Jason Beal is the Emergency Operations Director for the Fairbanks North Star Borough. He says homeowners might consider a no-snow zone near walls of buildings.

“If there's big piles that are next to people's houses that sometimes can seep into the crawl spaces or basements, or even creating a little bit of a perimeter,” Beal said.

Both Beal and Ackerman are part of the Fairbanks Stormwater advisory committee with representatives from the borough, the Cities of Fairbanks and North Pole, University of Alaska Fairbanks and the Department of Transportation. The focus is keeping the water that goes down storm drains clean.

“Making sure everyone knows that the storm drain system is tied directly to the Chena River, as well as Noyes Slough and the Chena Slough down in North Pole,” Ackerman said.

Managers remind residents to keep dog feces or debris out of melting snow so it doesn’t end up in the river.

Ackerman says folks who live inside the Fairbanks city limits could call if they get flooding.

“You can call either the public works superintendent or myself to report an imminent threat of flooding, if it's up against your building or your personal property, and we will respond as quickly as possible,” he said.

But those that live outside of Fairbanks and North Pole will need to call their Road Service Area Commissioners.

March has been cooler which has slowed some of the dramatic melting, and April temperatures are forecast to be normal.

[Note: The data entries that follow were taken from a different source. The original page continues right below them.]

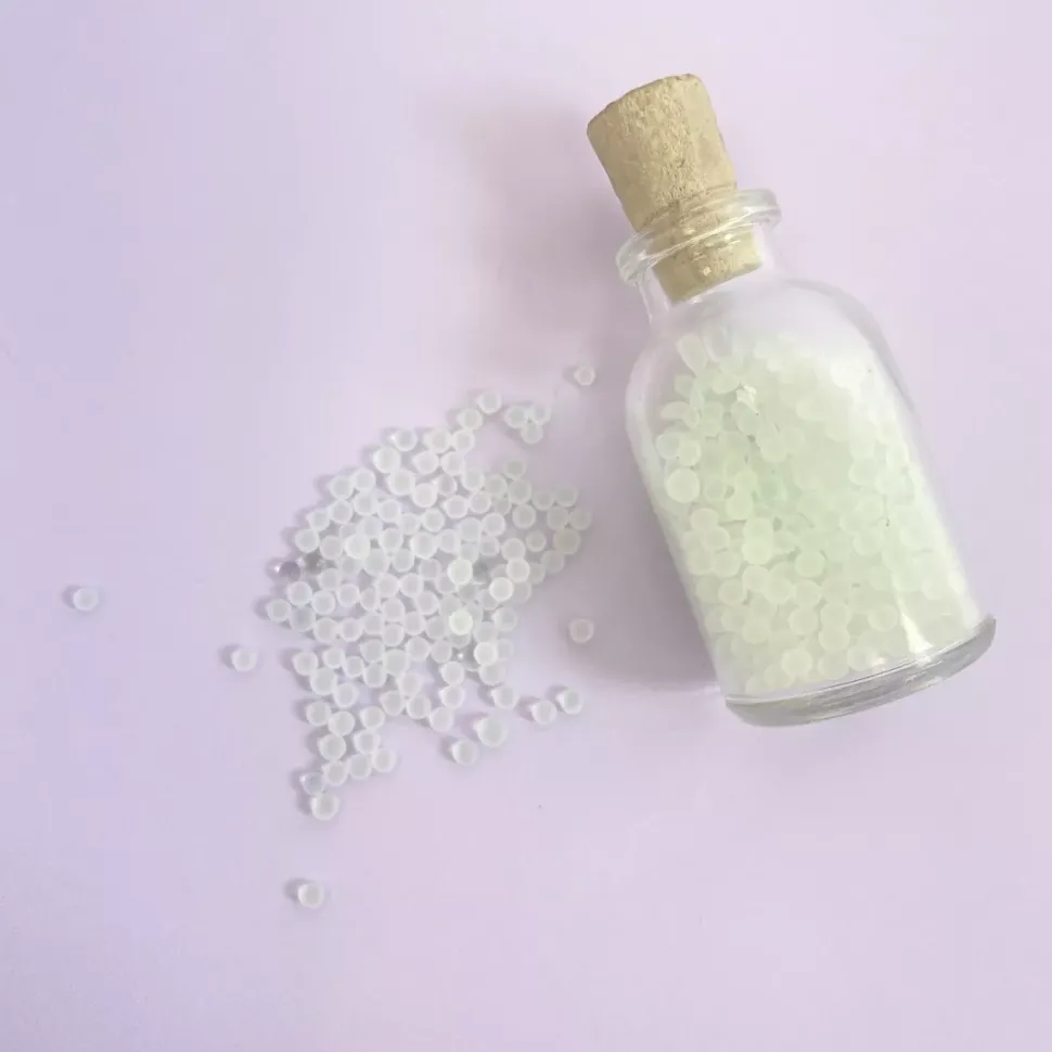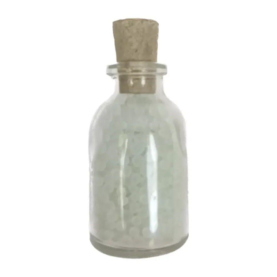- Bote de cristal con corcho que contiene bolas de cristal traslúcidas blancas de 3 mm. de diámetro.
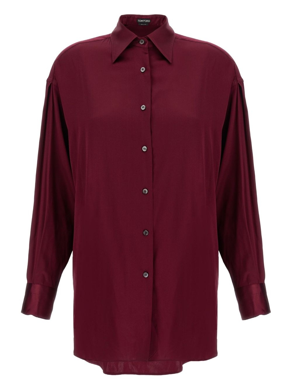 button-cuffed shirt Highlights - Burgundy - Long sleeves - Button fastening - Button-cuffed sleeves - Dropped shoulders Made in Italy Composition Silk 94%, Spandex/Elastane 6% Washing instructions Read Manufacturer Guidelines
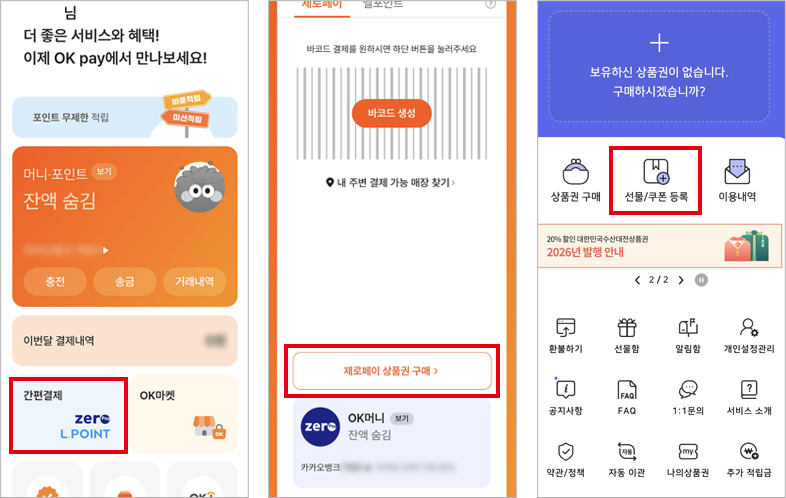- 3. 제로페이 앱 연결 후 선물/쿠폰등록

Beal says they are also keeping an eye on the Chena River, and hope there is no spike to 70 degrees.

“The breakup or the dynamic breakup with the ice in the river, which could also be more towards ice jams. With that type of situation, conditions can deteriorate or change very rapidly and the water levels could rise within minutes,” said Beal.

And speaking of the Chena River, the Tanana Valley Watershed Association is holding a Storm Drain Art Contest to remind us that draining water ends up in the river. People can apply to join the contest on their website: anytime before 5 p.m. next Saturday, April 30.


  • Deadline for submissions is 5pm on April 30, 2022.
  • Artists will paint their designs on Lacey Street storm drains on Saturday, June 4th from 9am to 4pm (weather permitting).
  • Winning artists will receive $100 for each design painted.

The next meeting of the FSWAC committee is May 9.